February 20, 2019
The President’s Day break seems to be a propitious time to point out that the pre-election year has been the best historic year since 1940 in the stock market, a winning year for 18 of the last 19 election cycles, up an average 15%, and we’re up 11% so far this year, so there’s no reason to think 2018 is an exception.
Since 1940, pre-election years have delivered more than twice the average gains of any other year in the election cycle. Why? Pre-election years tend to rise more than most years since Americans are usually optimistic about the “hope and change” that new candidates bring in the months before an election.

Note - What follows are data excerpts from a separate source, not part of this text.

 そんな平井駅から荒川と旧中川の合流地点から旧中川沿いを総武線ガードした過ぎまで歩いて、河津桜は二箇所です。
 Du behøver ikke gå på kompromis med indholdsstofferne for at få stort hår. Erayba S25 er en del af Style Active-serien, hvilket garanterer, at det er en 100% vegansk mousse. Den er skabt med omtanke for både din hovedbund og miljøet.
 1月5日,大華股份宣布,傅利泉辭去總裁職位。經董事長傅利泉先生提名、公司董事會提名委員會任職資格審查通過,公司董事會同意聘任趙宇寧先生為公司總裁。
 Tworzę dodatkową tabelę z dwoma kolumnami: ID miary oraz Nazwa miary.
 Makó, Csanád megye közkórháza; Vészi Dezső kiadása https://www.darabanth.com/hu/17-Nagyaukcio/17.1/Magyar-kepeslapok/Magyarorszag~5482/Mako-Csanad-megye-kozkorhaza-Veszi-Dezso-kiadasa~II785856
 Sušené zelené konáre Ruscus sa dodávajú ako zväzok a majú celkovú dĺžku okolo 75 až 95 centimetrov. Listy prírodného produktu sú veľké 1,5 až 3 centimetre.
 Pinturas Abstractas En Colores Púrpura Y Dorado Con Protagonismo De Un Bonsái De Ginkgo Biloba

The last pre-election year, 2015, was an anomaly since the presumed winners in 2015 looked like a rather dismal re-run between the third Bush (Jeb) and the second Clinton (Hillary), neither of which aroused much enthusiasm – even in their own Party, much less the population at large. To add to the gloom in 2015, U.S. GDP slowed to a snail’s pace (+0.7%) in the second half of the year, hence a small -2.2% decline in the Dow in 2015. That malaise eventually led to an unexpected victory for Donald Trump.
Handicapping 2020 – Waiting for the “Adults” to Arrive
As I read the Constitution over this President’s Day weekend, Article II painted a fairly easy picture of the President’s job. His tasks are mostly ceremonial: He is an appointer of various offices, pardoner of selected miscreants, communicator in an annual State of the Union talk, commander in chief (not in the field, but as a civilian controller of armed forces), and he can make treaties, with 67% Senate approval.

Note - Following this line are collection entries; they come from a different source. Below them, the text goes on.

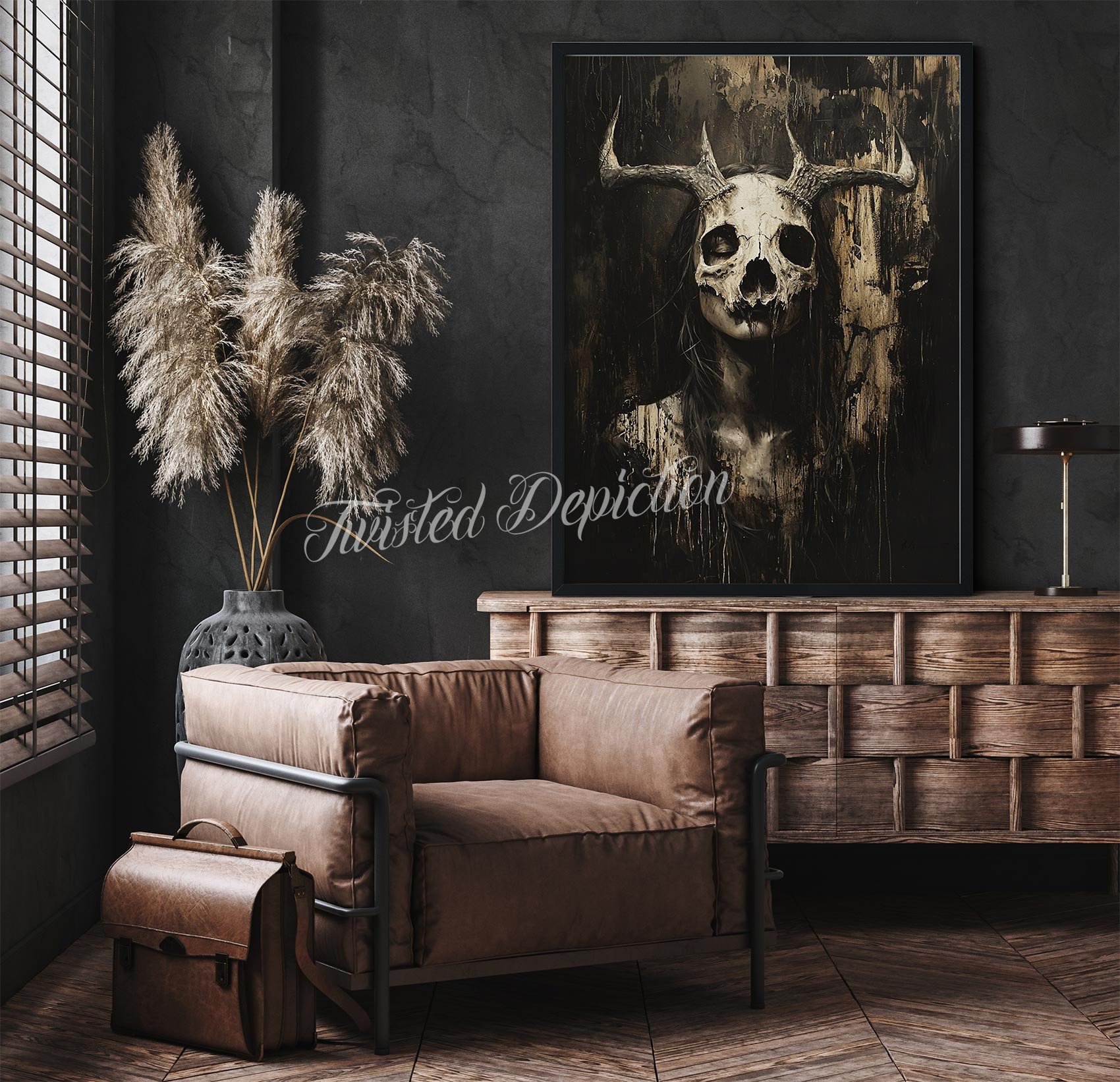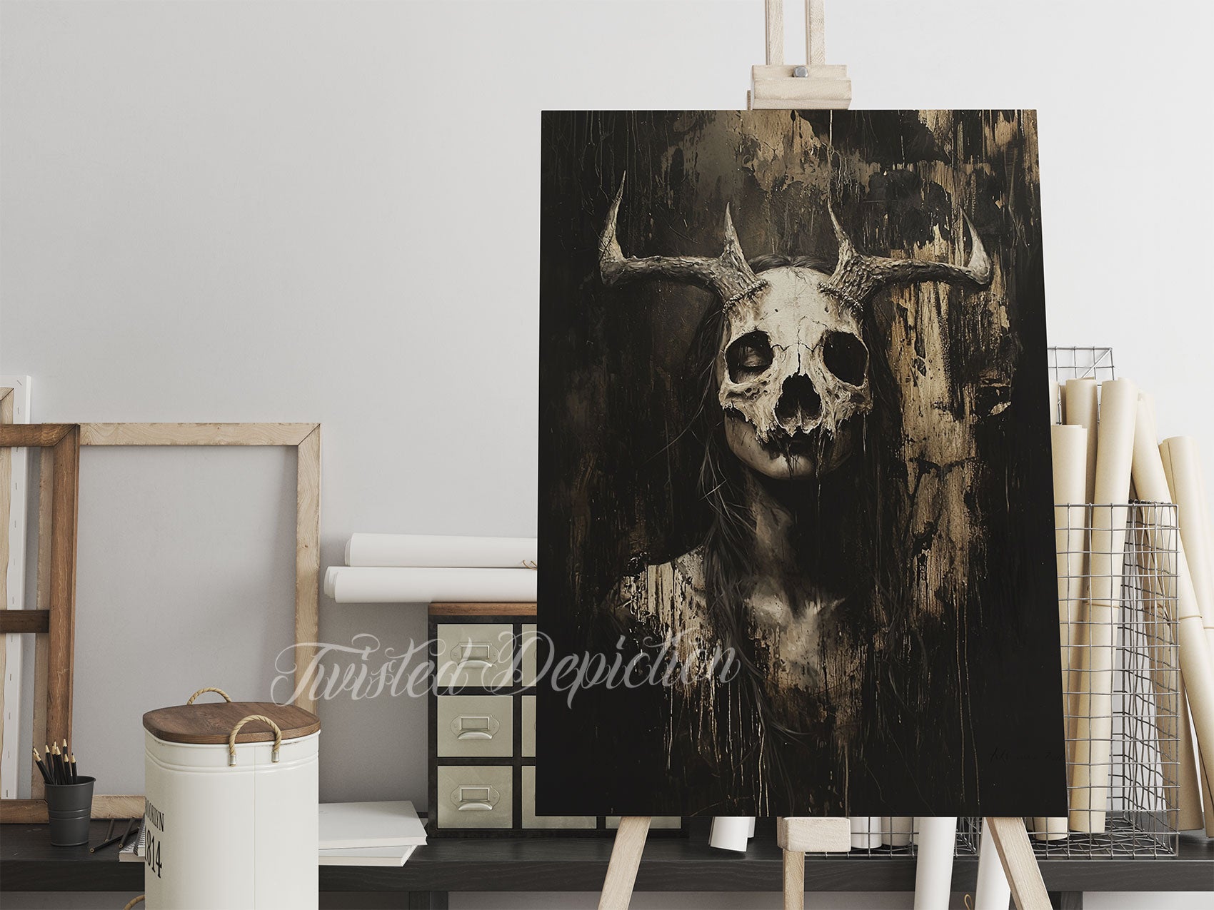 Norse Völva is a one-of-a-kind original painting depicting a Norse seeress fused with a deer skull, drawing from pre-Christian Norse mythology and seiðr ritual magic. The völva, a feared and revered seeress, stands between worlds, with bone and human form merging to symbolize prophecy, death, and the wild forces of nature. This one-off art piece is created for collectors of dark surreal art, Norse mythology art, and Viking pagan symbolism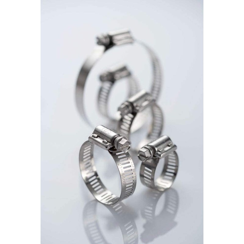 Material: band, housing, & screw all are made of 300-grade stainless steel. Size: #28, 1-1/4"~2-1/4" diameter range, 1/2" bandwidth, 5/16" hex. screw. Package: 10 pcs hose clamps in a box.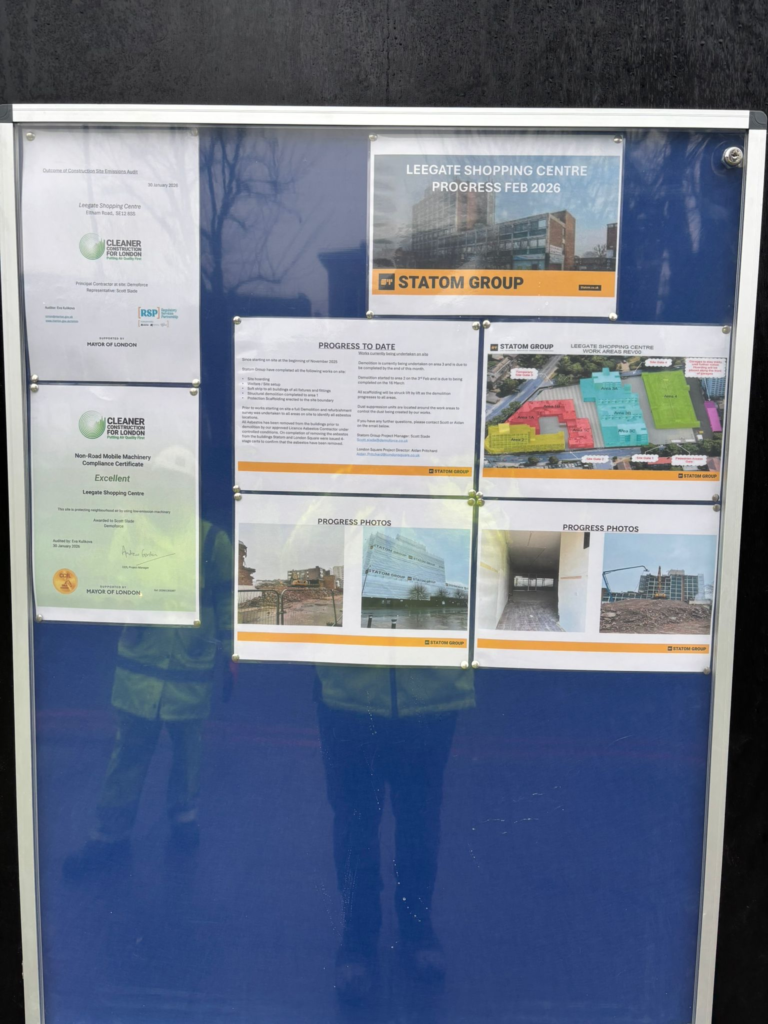 London Square has also fulfilled its promise to erect a bulletin board on the outside hoarding, carrying updates on progress.

In the last century, however, we have wanted more of a king, an all-powerful imperial President, doubling as the “leader of the Free World,” operating well outside the Constitutional bounds. This time around, we face the prospect of up to 20 Democratic hopefuls in 2020, with the first announced candidates calling for radical changes far outside the Constitution’s enumerated powers for either Congress or the Presidency:
- Medicare for All (proposed by Senators Bernie Sanders, Kamala Harris, Elizabeth Warren, and 13 other Senators) would replace all private health insurance with a federally-administered single payer. Some bureaucrat 30 to 3,000 miles from your doctor would decide what drug to pay for, what care to deliver, and how much to pay. Private insurance would be banned. The program would cost at least $3.5 trillion a year – more than doubling all current spending, doubling taxes.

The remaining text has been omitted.